Несомненно, вся эта превращающая усердие и небрежение в бесконечно обратимые фигуры неуверенность черпает свой принцип в «царящем в доме нерадении»[55]. Это небрежение нагляднее, скрытнее, двусмысленнее, но и фундаментальнее всех остальных. Все в нем может расшифровываться как намеренный знак, тайное старание, слежка или ловушка: возможно, ленивая прислуга являет собой скрытую власть, возможно, колесо случая распределяет жребии, давным-давно прописанные в книгах. Но здесь не усердие окутывает небрежение как его непременная теневая часть, а небрежение пребывает столь безразличным к тому, что может проявить его или сокрыть, что любой жест в его адрес оказывается знáком. По небрежности Фома и был позван: открываясь, влечение составляет единое целое с небрежным приемом привлеченного; вершимое влечением принуждение (именно поэтому оно абсолютно и абсолютно не взаимно) не просто слепо, оно иллюзорно и никого не связывает, поскольку само оказалось бы связано с этой связью и уже не могло бы быть чистым открытым влечением. Как влечение может не быть по существу небрежным — не предоставлять вещам быть такими, какие они и есть, не предоставлять времени проходить и повторяться, людям продвигаться к себе, — коли оно есть бесконечное внеположное, коли ничто в нем не удерживается, коли оно распускает в чистом рассеивании все фигуры внутреннего?

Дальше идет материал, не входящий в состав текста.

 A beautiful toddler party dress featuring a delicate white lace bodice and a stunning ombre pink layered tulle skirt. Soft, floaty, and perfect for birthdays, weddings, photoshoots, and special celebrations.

Влекомый влеком ровно настолько, насколько пренебрегаем; поэтому-то усердие и должно было стать пренебрежением этим небрежением, решительно небрежной заботой, продвижением к свету сквозь небрежение тенью вплоть до момента, когда выясняется, что свет — всего лишь небрежение, чистое внеположное под стать ночи, рассеивающее, как задувают свечу, привлеченное им небрежное усердие.

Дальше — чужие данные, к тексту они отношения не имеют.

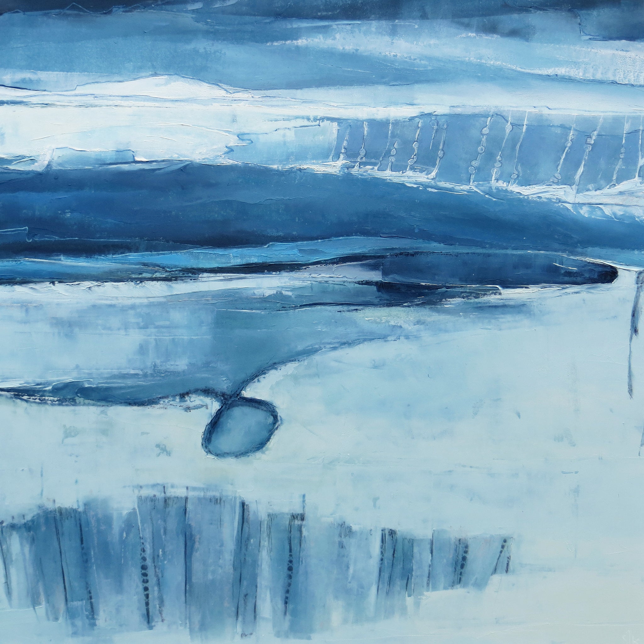 Original semi-abstract oil seascape. Created using a fine base layer of colour, painted over with a palette knife adding depth and texture. Finished with sketched pencil details and areas of linocut cell structure patterns. Plus 3 detail shotes to show surface texture.
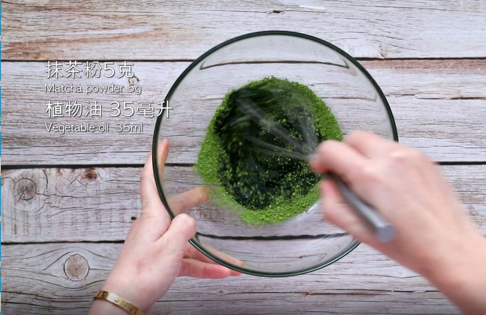 要想蛋黄糊没有颗粒, 可以先将油和抹茶粉混合,因为抹茶粉可以更好地溶于油之中,所以因为再添加温热牛奶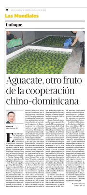 2020年8月14日,驻多米尼加大使张润在当地最大报《里斯汀报》发表署名文章《鳄梨-中多合作结出又一成果》。全文如下: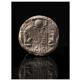 Il sigillo egizio di forma troncoconica reca impresso un testo in geroglifico che sembrerebbe restituire una formula funeraria.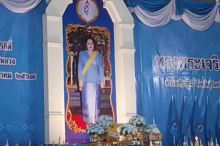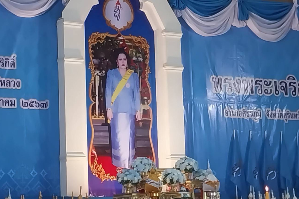 สุรินทร์ พสกนิกรชาว อำเภอศีขรภูมิจัดพิธีถวายเครื่องสักการะและวางพานพุ่มพิธีจุดธูปเทียนถวายพระพรชัยมงคลสมเด็จพระนางเจ้าสิริกิติ์พระบรมราชินีนาถพระบรมราชชนนีพันปีหลวงเนื่องในโอกาสวันเฉลิมพระชนมพรรษา12สิงหาคม2567ท่ามกลางสายฝนที่โปรยลงมาอย่างต่อเนื่อง

5. Но где же закон, куда смотрит закон?
Небрежение и влечение составляют способ выявить и сокрыть закон — выявить отвод, за которым он скрывается, вовлечь его тем самым в прячущий его день.
Будь закон очевиден сердцу, он был бы уже не законом, а кроткой внутренностью сознания. Напротив, если бы он присутствовал в тексте, если бы можно было разобрать его между строк какой-то книги или свериться с ним по реестру, он обладал бы солидностью внешних вещей: его можно было бы выполнять или нарушать: где тогда была бы его власть, какая сила, какой авторитет обеспечивали бы его уважение? На деле присутствие закона — в его сокрытости. Закон самовластно пронизывает города, учреждения, дела и поступки; что бы мы ни делали, как бы далеко ни заходили беспорядок и нерадение, его власть уже проявлена: «Заведение всегда, в любой момент пребывает в подобающем состоянии»[56]. Обретаемые свободы не способны прервать действие закона; можно поверить, что от него отделался, что взираешь на его применение снаружи; но в тот момент, когда полагаешь, что издалека читаешь постановления, касающиеся только других, оказываешься как нельзя близок к закону, запускаешь его в обращение, «вносишь свою лепту в исполнение публичного постановления»[57]. И, однако, это постоянное проявление закона так и не проясняет, чтό, собственно, гласит или чего хочет закон: для поступков он является не столько принципом или внутренним правилом, сколько объемлющим их внеположным, тем самым обеспечивая им ускользание от любой внутренности; закон — это ночь, которая ограничивает поступки, пустота, которая их окружает, обращая без чьего-либо ведома их единичность в серую рутину универсальности и открывая вокруг них пространство тягостности, неудовлетворенности, множащегося усердия.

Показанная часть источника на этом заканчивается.